On peut vérifier facilement qu'une coque est naturellement autostable quand elle est tirée par l'avant plutôt que poussée par l'arrière (il en est de même pour les voitures).
Le voilier utilise pour la propulsion sa force vélique contrée pour le près par une antidérive . Il parait donc logique de faire en sorte que cette force trouve son point d'application un peu en avant du centre de gravité. Le mât qui porte les voiles et le grément a intérêt à être proche du centre de gravité global et un peu en avant d'autant qu'il transmet tout ou une partie de la force vélique globale. La position du mat va donc participer à définir le triangle avant.
Pour une coque à déplacement qui ne peut dépasser sa vitesse de carêne, cette vitesse est directement fonction de la longueur à la flottaison. On peut trouver par exemple (au pif) que la force vélique nécessaire au près serré est de l'ordre de 100kgs pour 10m flottaison avec une surface totale de voile (grand voile + génois) déployée possible pour une vitesse de vent (20km/h) alors tenable par l'ensemble de la voilure déployée. Avec 100m2 de surface totale de voile on aurait donc dans cet exemple une force de 1kg au m2 répartis entre la grand voile 30m2 et le génois 50m2+ 20m2 de recouvrement. Il reste donc à calculer la hauteur du mât avec la surface nécessaire et le point d'amure au niveau du pont.

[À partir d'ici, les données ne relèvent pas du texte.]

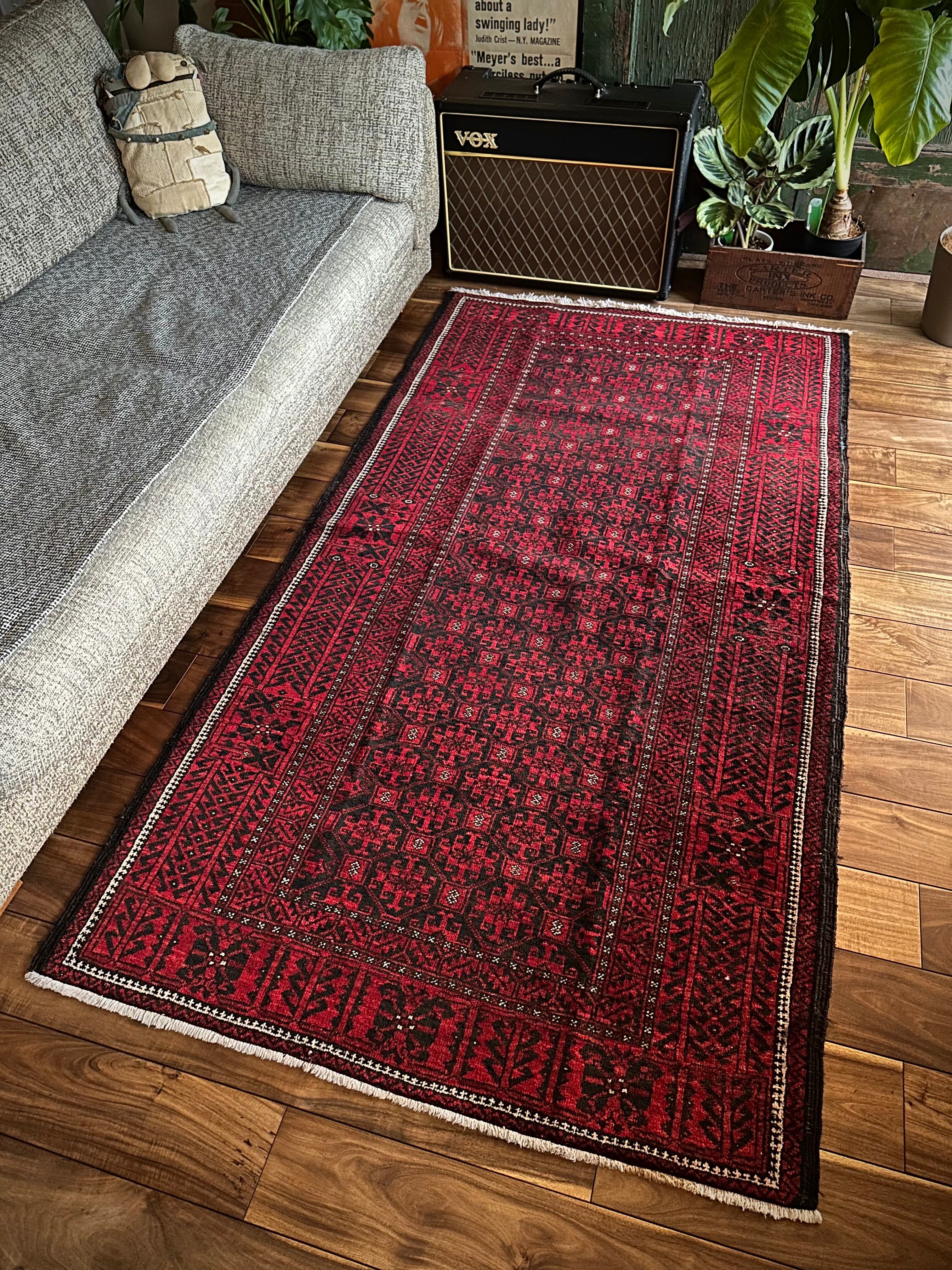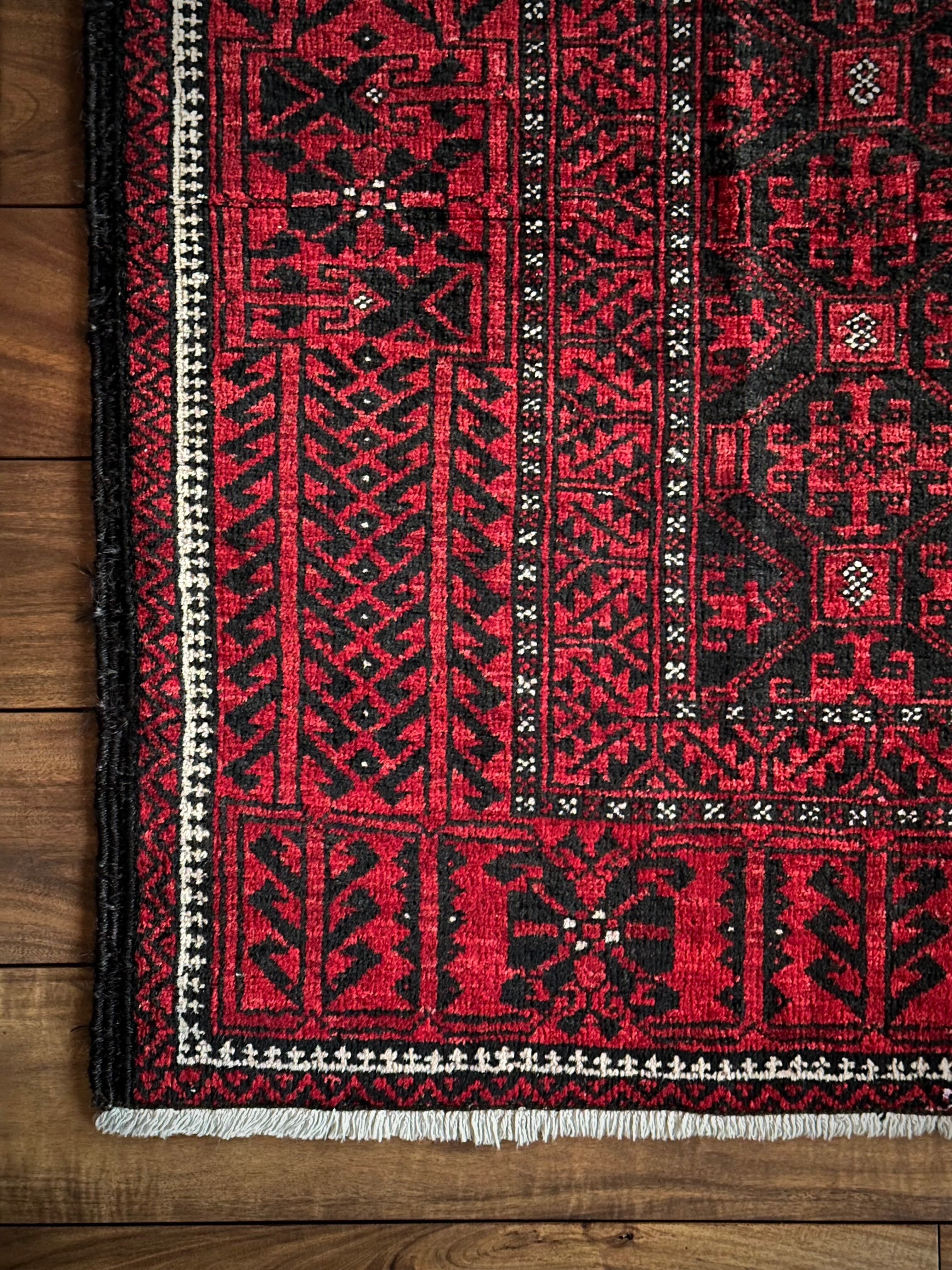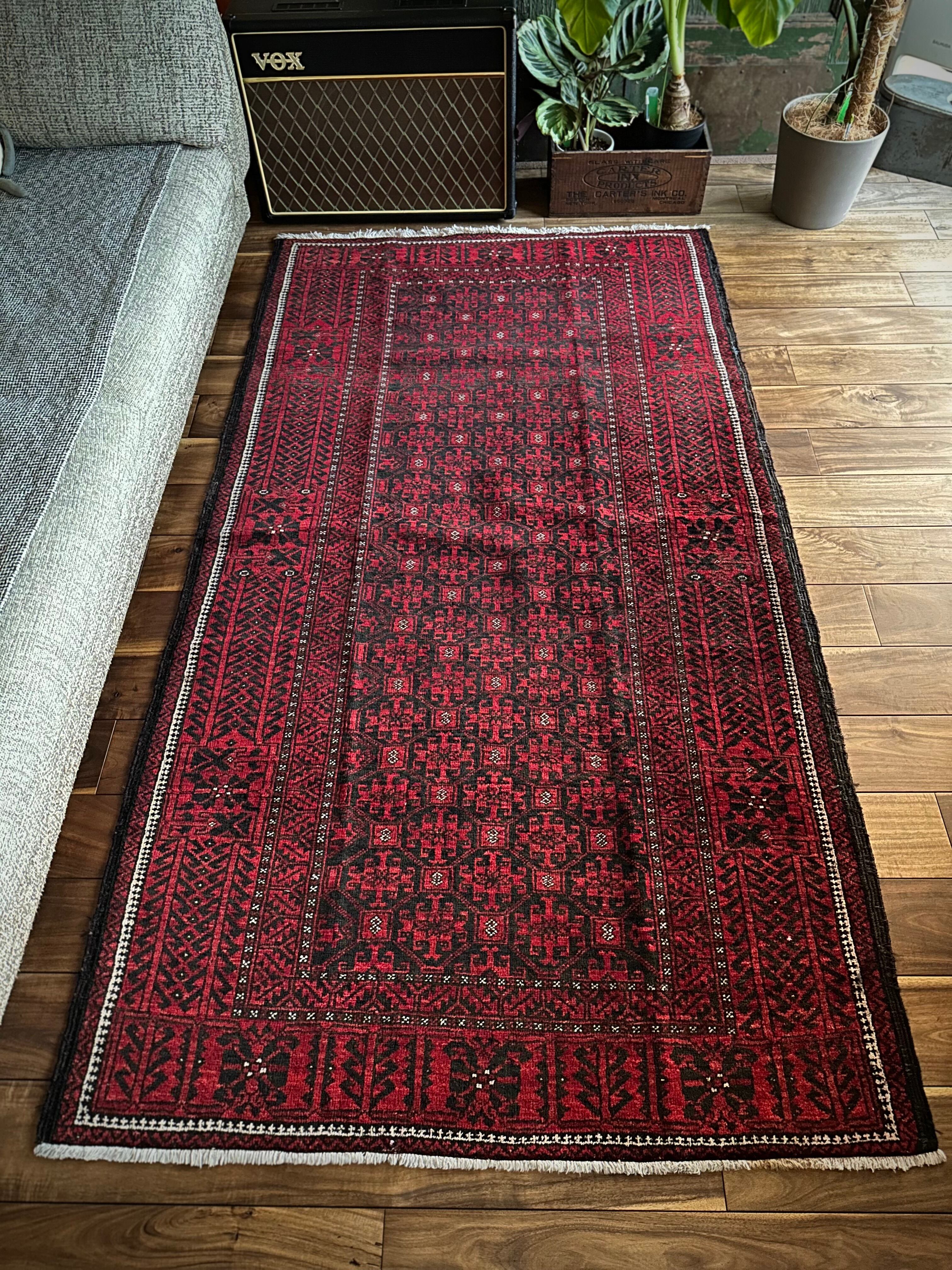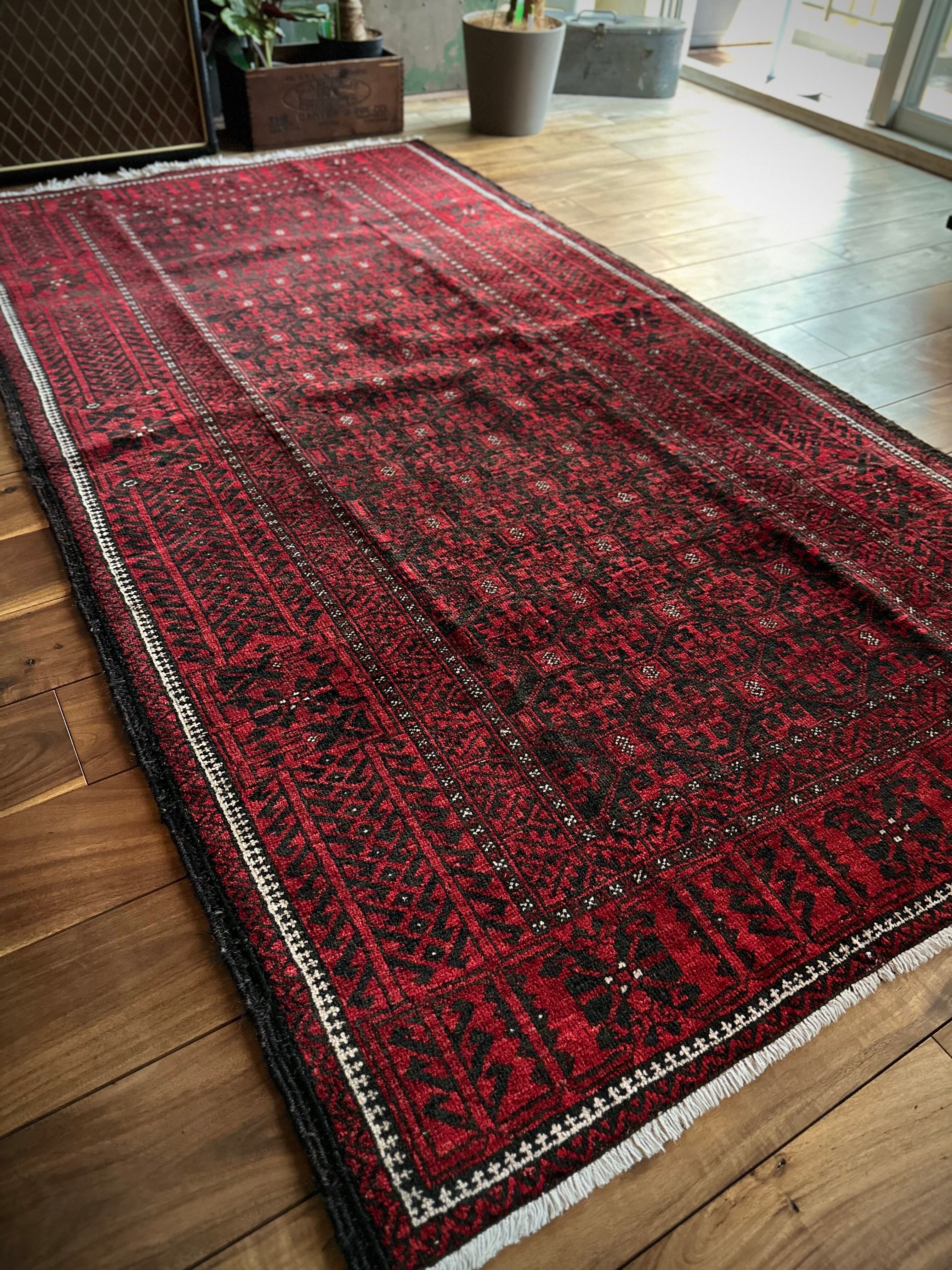 緻密に計算された細かな連続紋様に小さな白い花をモチーフとしたミナハニ模様が散りばめられた、イラン東部に居住するバルーチ族のトライバルラグで、ブラック&レッドのバルーチらしいシンプルな色合いがかっこいい1枚になります。

A noter qu'une voile est d'autant meilleure qu'elle a plus de finesse (rapport longueur/largeur)
mais un grand alongement fait remonter aussi le centre vélique ce qui influe sur la gite à contrer.
Le mariage de 2 voiles proches se fait pour si possible le meilleur plutôt que le pire et les centres véliques de chaque voile se conjuguent en un foyer résultant qui donc doit se situer un peu en avant du centre de gravité du bateau.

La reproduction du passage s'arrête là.